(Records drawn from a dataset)
···
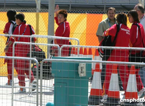 當(dāng)?shù)貢r(shí)間8月6日下午,參加雅典奧運(yùn)會(huì)的中國(guó)女足抵達(dá)雅典,隊(duì)員畢妍在嚴(yán)密的保衛(wèi)下向遠(yuǎn)在隔離線(xiàn)外的記者招手。中新社記者:任晨鳴
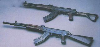 (2)全枪短、质量轻(步枪3.25千克,机枪3.95千克),机动性好,优于国外同类武器。
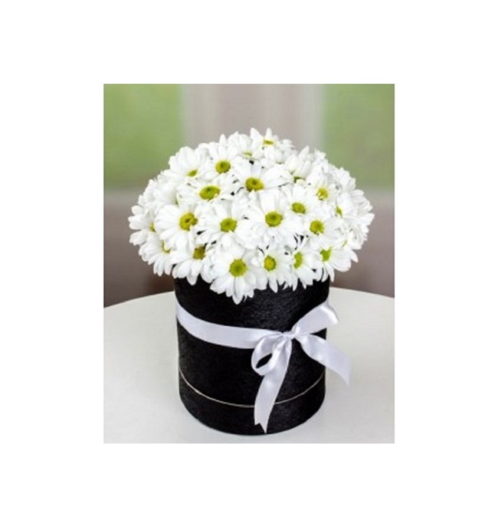 kutu boyu 15x15 ürün boyu yaklaşık 30 cm beyaz papatyalar ile hazırlanmıştır
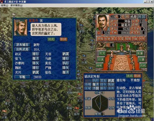 打仗前记得训练度最好100,战场总结一句话:武将技能越BT越好,武力高武将去单挑,智力高武将用计谋,阵形结合地形,防火用计看天气。
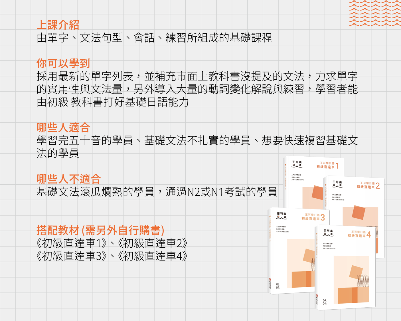 課程影片會有上課簡報畫面,建議另外搭配教材「初級直達車1、初級直達車2、初級直達車3、初級直達車4」學習,請至各大網路書店購書。
···
What you hand back should match the entries above exactly, except that no picture appears.

Answer:
 當(dāng)?shù)貢r(shí)間8月6日下午,參加雅典奧運(yùn)會(huì)的中國(guó)女足抵達(dá)雅典,隊(duì)員畢妍在嚴(yán)密的保衛(wèi)下向遠(yuǎn)在隔離線(xiàn)外的記者招手。中新社記者:任晨鳴
 (2)全枪短、质量轻(步枪3.25千克,机枪3.95千克),机动性好,优于国外同类武器。
 kutu boyu 15x15 ürün boyu yaklaşık 30 cm beyaz papatyalar ile hazırlanmıştır
 打仗前记得训练度最好100,战场总结一句话:武将技能越BT越好,武力高武将去单挑,智力高武将用计谋,阵形结合地形,防火用计看天气。
 課程影片會有上課簡報畫面,建議另外搭配教材「初級直達車1、初級直達車2、初級直達車3、初級直達車4」學習,請至各大網路書店購書。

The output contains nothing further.